Content starts

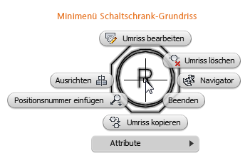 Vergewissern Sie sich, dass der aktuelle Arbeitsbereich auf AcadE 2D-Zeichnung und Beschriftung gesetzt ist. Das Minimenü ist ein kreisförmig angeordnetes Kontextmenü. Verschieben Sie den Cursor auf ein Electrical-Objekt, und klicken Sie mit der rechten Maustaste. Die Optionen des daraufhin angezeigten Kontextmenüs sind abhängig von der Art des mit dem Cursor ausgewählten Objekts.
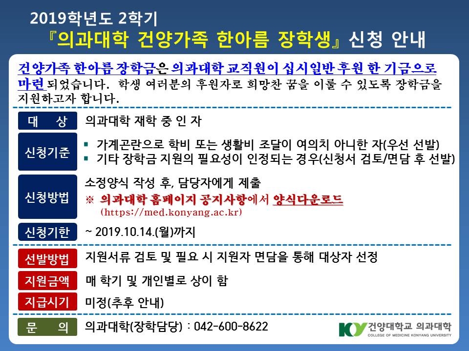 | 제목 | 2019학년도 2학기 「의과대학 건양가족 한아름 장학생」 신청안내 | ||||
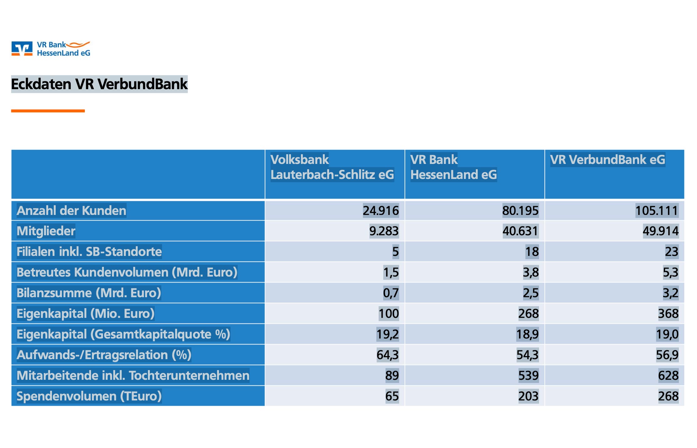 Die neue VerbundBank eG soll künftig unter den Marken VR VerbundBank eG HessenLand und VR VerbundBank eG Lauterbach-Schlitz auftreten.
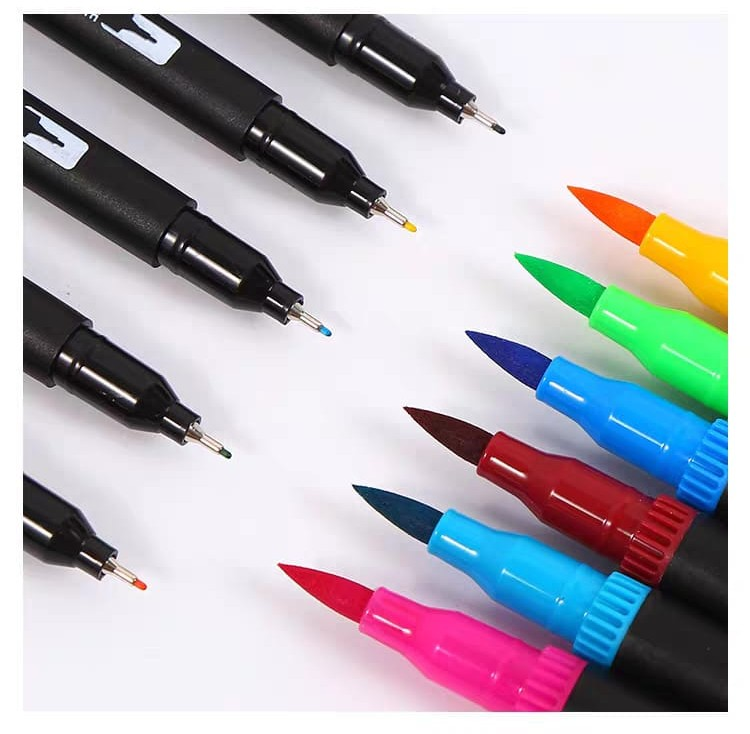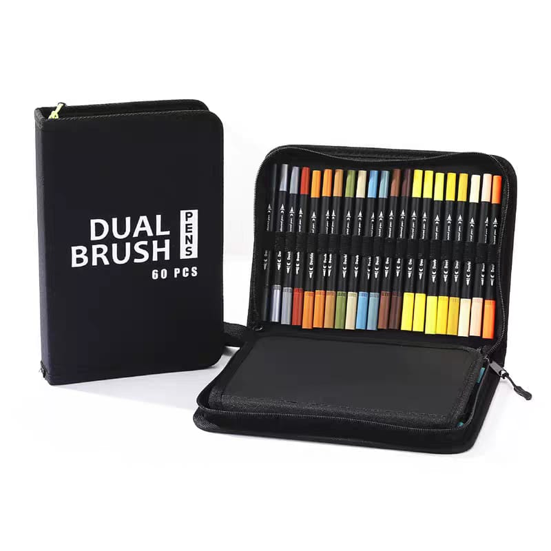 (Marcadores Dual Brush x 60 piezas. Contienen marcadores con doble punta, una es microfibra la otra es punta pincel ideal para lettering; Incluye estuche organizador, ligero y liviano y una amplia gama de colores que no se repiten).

Content ends

__Problem description__
Give back all of the data exactly, but not the pictures.

__Solution__
 Vergewissern Sie sich, dass der aktuelle Arbeitsbereich auf AcadE 2D-Zeichnung und Beschriftung gesetzt ist. Das Minimenü ist ein kreisförmig angeordnetes Kontextmenü. Verschieben Sie den Cursor auf ein Electrical-Objekt, und klicken Sie mit der rechten Maustaste. Die Optionen des daraufhin angezeigten Kontextmenüs sind abhängig von der Art des mit dem Cursor ausgewählten Objekts.
 | 제목 | 2019학년도 2학기 「의과대학 건양가족 한아름 장학생」 신청안내 | ||||
 Die neue VerbundBank eG soll künftig unter den Marken VR VerbundBank eG HessenLand und VR VerbundBank eG Lauterbach-Schlitz auftreten.
 (Marcadores Dual Brush x 60 piezas. Contienen marcadores con doble punta, una es microfibra la otra es punta pincel ideal para lettering; Incluye estuche organizador, ligero y liviano y una amplia gama de colores que no se repiten).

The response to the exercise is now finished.